O que dizem as pessoas atingidas

Moradora da comunidade de Passa Sete, Silmara Marcelina Silva afirma que “como representantes das comunidades abaixo da barragem, reconhecemos que foi extremamente importante participar de uma mesa de negociação de um processo judicial. E por mais que todo esse processo tenha sido amplamente divulgado e informado, com o apoio da assessoria técnica, ainda assim, nos vimos obrigados a tomar decisões em curtos prazos e na pressão de estarmos abaixo de uma barragem. Tivemos de abrir mão de alguns direitos, mas também tivemos conquistas. Quem imaginava que atingidos iriam ter falas na mesa de negociação com vários representantes de estado, vários órgãos? A participação comunitária foi muito assertiva e foi muito efetiva. E assim, esperamos que em processo como esse, as comunidades tenham voz, cada vez mais”.

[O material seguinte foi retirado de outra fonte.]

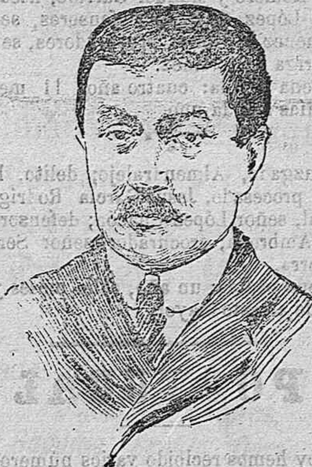
MONSIEUR PAINLEVÉ, presidente del nuevo Gabinete francés.

Todo lo que se había contado de disfraces, de huidas, de abandonos, de haberse ido de Barcelona hace tiempo, es completamente falso.»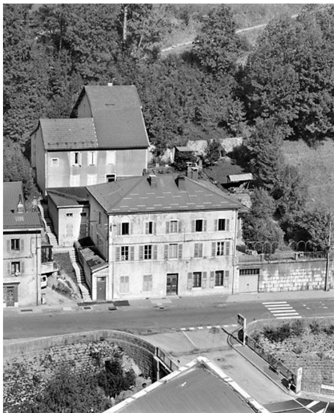
Maison avec atelier (19 e siècle) aux n° 35 et 35 bis rue de la République. Maison (AD 211) bâtie vers 1840. 39, Morez, 35 et 35 bis rue de la République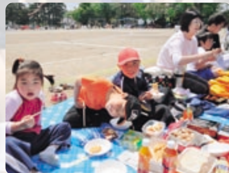
みんなで食べる運動会のお昼は、また格別!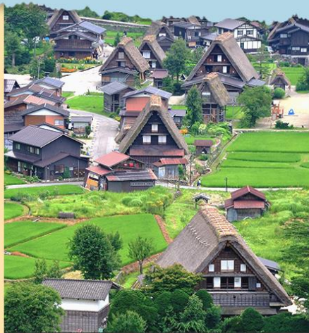
白川合掌村 聯合國登錄為世界遺產之一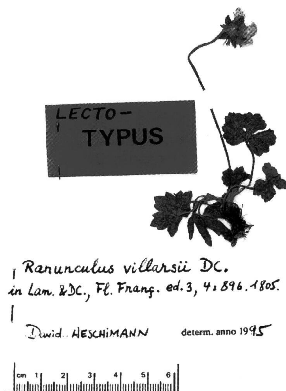
Photo 1. — Lectotype du Ranunculus villarsii DC.: échantillon en haut à gauche de la planche n° 344 de l'herbier de Villars, GRM.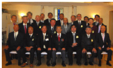
10月17日 京都田辺ロータリークラブ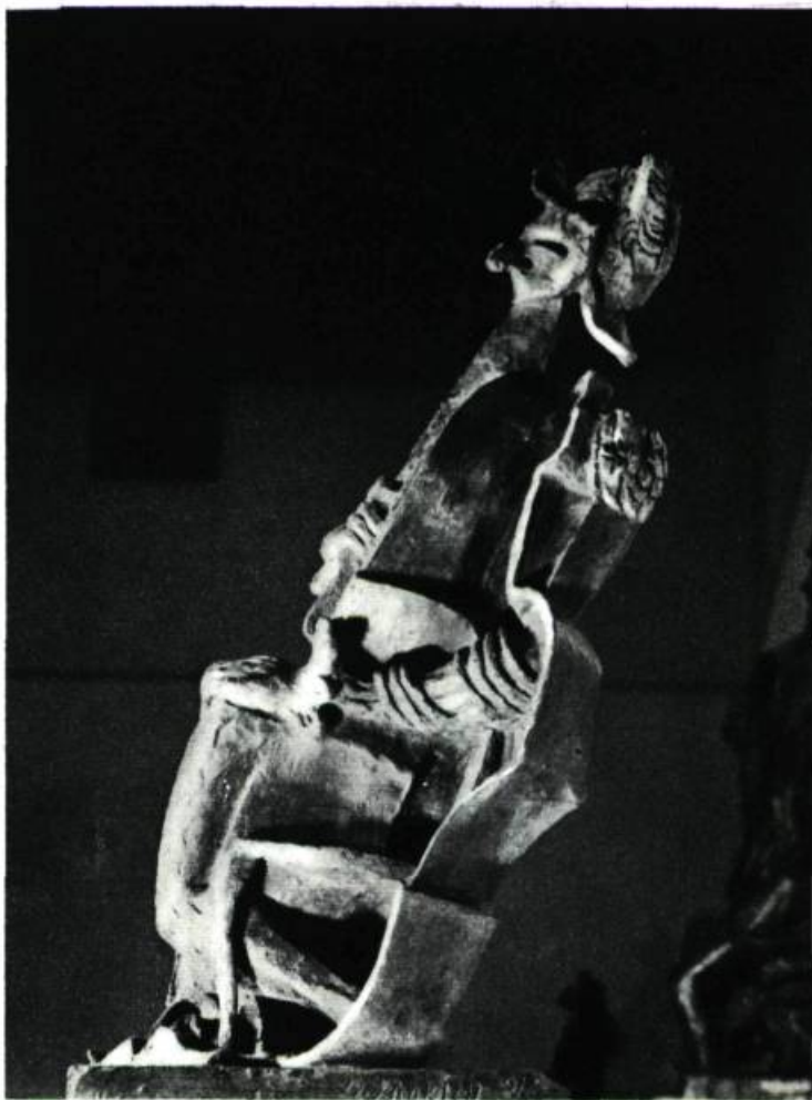
LE VIOLONCELLISTE (1927) BRONZE. HAUTEUR : 18 POUCES NUMÉRO DE FONTE : 2e SUR 5 APPARTIENT À L'ARTISTE.

leurs mains chérubines, il devient une baguette magique de laquelle ils frappent le papier pour que des mondes insoupçonnés, ensevelis, s'élèvent du fond silencieux du rêve ... Et ces paysages aux bêtes et oiseaux merveilleux, dire qu'aucun géographe n'en a jamais parlé dans ses livres savants ... L'enfant n'est pas un artiste, c'est un médium, — un médium génial en ce qu'il produit des oeuvres que caractérise l'absence de moyens et de trucs, une sorte d'austérité, que caractérise la non-illustrativité.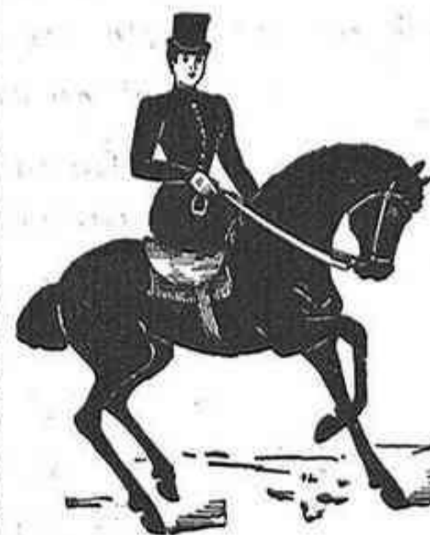
No confundirse: junto al Cuartel del Conde. 52-7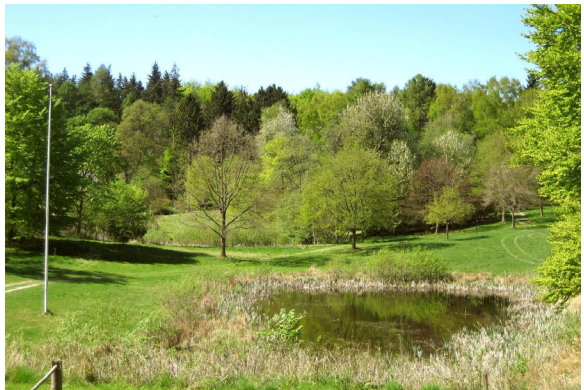
Majudsigt fra "hylden"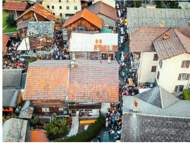
Le cavœuvœu de Basse-Nendaz.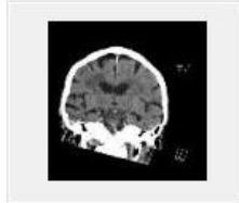
603 CORO [INTERNE] 11:40:44 (66 images)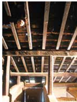
屋根裏(チョウナ削りの跡もくっきり)

る。肝心のお大師様が祀られている場所は、正面右側の四分の一、一間半相当にしか過ぎない。建築的には実に簡素、全体としては実に素朴な建物だが、重要なのはその広さにある。それは何故なのか、何とかその理由に迫ってみよう。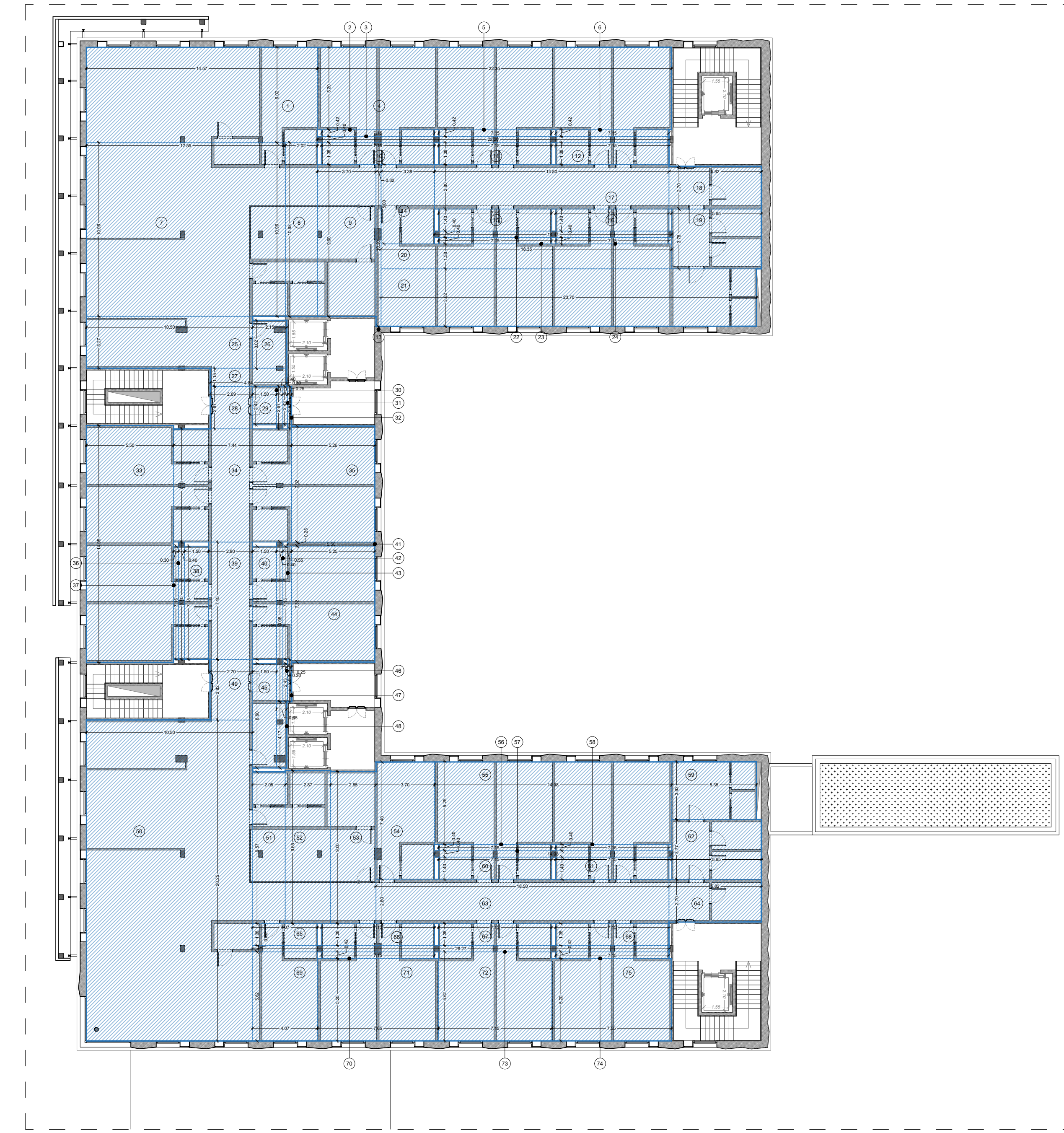
Pianta piano tipo (P1-P2) RSA

Silmara Marcelina da Silva – Foto: Patrícia Castanheira

Já José Miguel Rodrigues, morador da comunidade do Beco, desta que “essa participação comunitária seja um exemplo para outras, porque é um negócio assim que tivemos que ter garra, pois estávamos em uma mesa negociando e esse caminho está sendo aberto para que outras comunidades tenham voz em processos como esse. A participação comunitária e o apoio do Nacab foram essenciais. Peço que a comunidade continue participando”.

José Miguel Rodrigues – Foto: Patrícia Castanheira

Relembre

As negociações iniciaram após sentença judicial, de setembro de 2023, que obriga a Anglo American a reassentar as famílias, baseada na Lei Mar de Lama Nunca Mais. A Secretaria Estadual de Meio Ambiente e Desenvolvimento Sustentável de Minas Gerais (Semad-MG), também ré nessa ação, ficou proibida de emitir novas licenças ambientais para alteamento ou ampliação da barragem.

Com a homologação desse acordo, o processo judicial será extinto e, a partir daí, se inicia outra longa jornada: a execução do Plano de Reassentamento, que será feita com participação e monitoramento das pessoas atingidas.